FIG. 3 shows an embodiment in which the present invention is applied to a blast furnace dehumidifier. Reference numeral 11 denotes an air compressor, and the suction air is sucked into the air compressor 11 through a primary dehumidifier 12 and a secondary dehumidifier 13, the compressed air is dehumidified through an exhaust heat recovery device 14, and then sent to the blast furnace. be provided. The primary dehumidifier 12 circulates cold water obtained by an absorption refrigerator 15 operating at a low temperature. The secondary dehumidifier 13 circulates cold heat obtained by a refrigerator 16 driven by a separate power. The exhaust heat recovery device 14 recovers exhaust heat from the air discharged from the air compressor 11 and is used as a heat source for the absorption refrigerator 15 operating at a low temperature. 17 is a cooling tower for exhaust heat of the absorption refrigerator 15. The above-mentioned respective devices are connected by piping as shown in the figure to form the above-mentioned dehumidification device.

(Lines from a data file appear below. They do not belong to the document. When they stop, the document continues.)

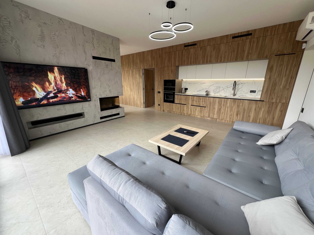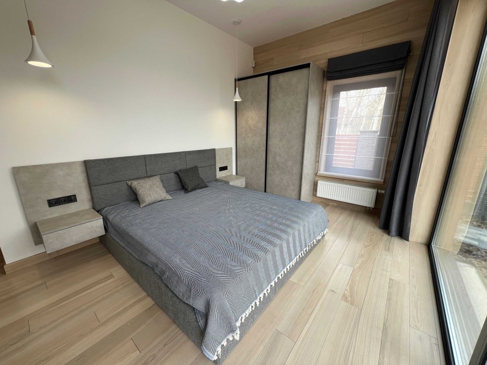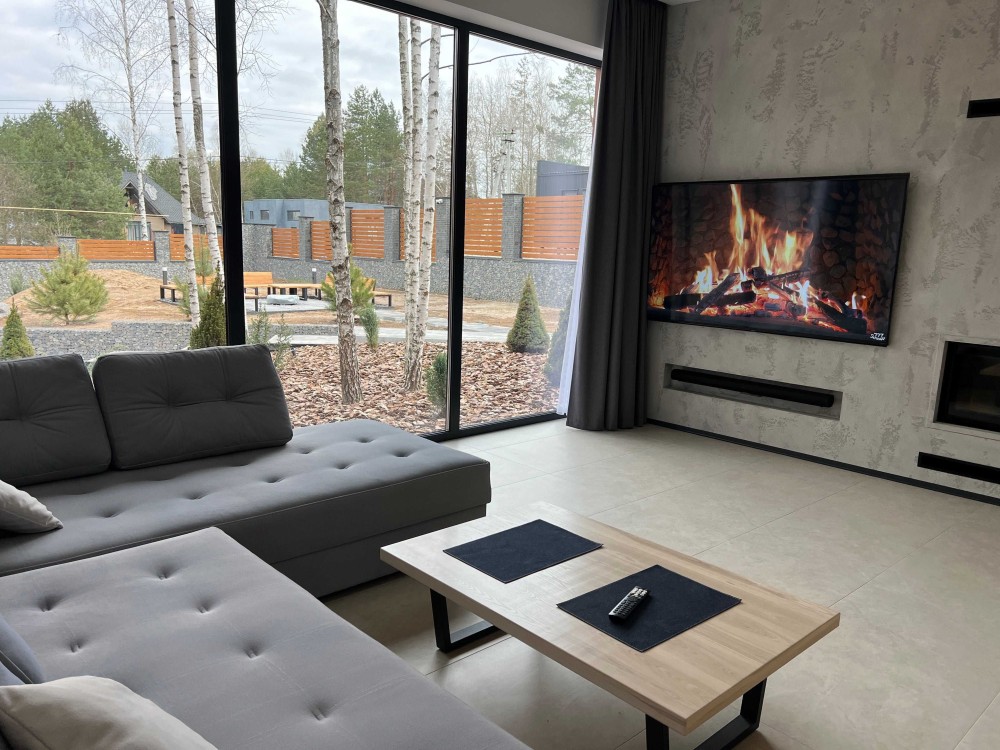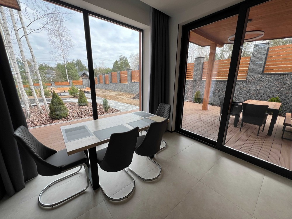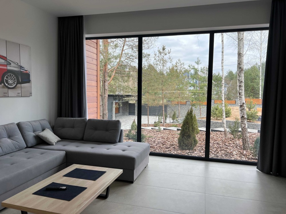 У будинку 4 кімнати, сучасний ремонт, панорамні вікна від підлоги до стелі, багато природного світла.
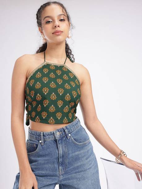 Halter neck tops are versatile wardrobe essentials that are available in a variety of patterns. You can find tops with prints, embroidery works, stripes, floral finishes, animal prints, lace works, polka dots, and so on. Whether you're looking for a simple top or a more statement piece for a special occasion, you can easily find a halter top that is best suited for you. Also, these latest tops are available in various fits, including regular, slim, relaxed, and oversized. Several brands offer halter tops online, including Tokyo Talkies, Harpa, Roadster, Vero Moda, Only, and so on. These tops have their unique styles, so you can easily find the ones that reflect your taste. These tops are made from quality fabrics, including silk, hosiery, acrylic, cotton, cotton, and crepe. Therefore, you can remain comfortable and breezy when you are flaunting these tops. So if you are looking for new tops to give your outfit collection a fashion upgrade, you can consider opting for these options, available at various price brackets. Place your order for trendy tops with a halter neck and get them delivered to your doorstep without any hassle. With online shopping, you can also enjoy safe transactions due to the availability of various payment methods.
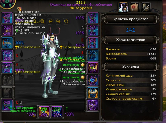 Краткое описание: 90 LVL — ДХ, 242 — ilvl. Подробное описание ниже !
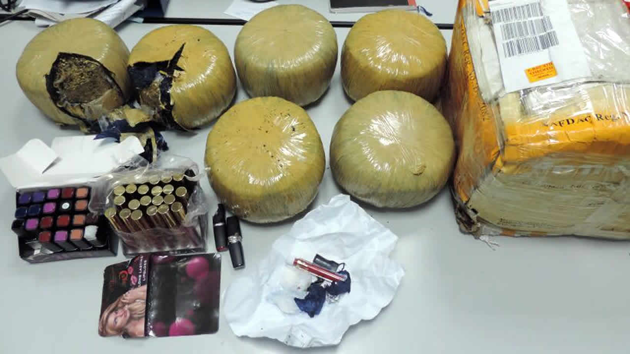 C’est samedi dernier que les éléments de la Customs Anti-Narcotics Section (CANS) ont mis la main sur le colis contenant 13,20 kilos d’une matière compressée, des graines soupçonnées d’être du cannabis et 162 grammes de méthamphétamine. La valeur marchande des drogues dissimulées dans des boîtes contenant des tubes de rouges à lèvres est estimée à Rs 10 350 000.

Next, the operation of the above dehumidification device will be explained. The temperatures shown in the figure are reference temperatures for easy understanding.

Air inhaled from the atmosphere at room temperature (approximately 35℃)
First, in the primary dehumidifier 12 , the water is cooled to about 15° C. to 20° C. and dehumidified by cold water of 7° C. to 10° C. circulated from the absorption refrigerator 15 , and then flows into the secondary dehumidifier 13 . Due to the above action, the circulating cold water reaches a temperature of about 15° C. and returns to the absorption chiller 15. The air flowing into the secondary dehumidifier 13 is approximately 3°C to 15°C higher than the cold heat obtained by the refrigerator 6.
The air is cooled and dehumidified to a certain degree and then sucked into the air compressor 11. Multi-stage centrifugal air compressors are common, and the temperature of the compressed air leaving the final stage is usually around 100°C.
The temperature ranges from ℃ to 130℃. The discharge air is used as exhaust heat recovery device 1
At step 4, the heat is exhausted into hot water, which becomes dehumidified air at a temperature of approximately 100°C and is sent to the blast furnace. The exhaust heat of the discharged air is recovered into hot water by the exhaust heat recovery device 14, and the incoming hot water of about 90°C is heated to about 100°C. This heated hot water is introduced into an absorption refrigerator 15 operating at a low temperature.
5 is used as a power source. As a characteristic of absorption chillers, the higher the temperature level of the obtained cold water, the more low-temperature hot water can be used.If the chilled water outlet temperature is about 10℃, even hot water of about 90℃ can be used as operational input. It is fully available. In this example, we focused on the intake air temperature at room temperature, divided it into a primary dehumidifier and a secondary dehumidifier, and used an absorption refrigerator for primary dehumidification so that we could use as low-temperature hot water as possible. . As an example, under normal temperature air condition, 35
℃, moisture 25gn/Nm ³ , air volume 10000m ³ /min, air condition value after cooling and dehumidification 3℃, moisture 6.5gn/N
^m3 , the required capacity of the refrigerator is approximately 4,500 refrigeration tons (1,360,8000Kcal/h), and if the conventional method is used for cooling and dehumidification, the required power of the refrigerator compressor (centrifugal type) is approximately 4,000KW. On the other hand, assuming that the discharge gas conditions of the compressor are a pressure of 6 kg/cm ² g and a temperature of 130°C,
If exhaust heat is recovered up to 100℃, the amount of heat obtained will be approximately
3110400Kcal/h, by using this in an absorption chiller, approximately 700 refrigeration tons (chilled water outlet temperature 10℃)
), it is possible to save a considerable amount of energy. Approximately 500KW, 12% energy saving effect.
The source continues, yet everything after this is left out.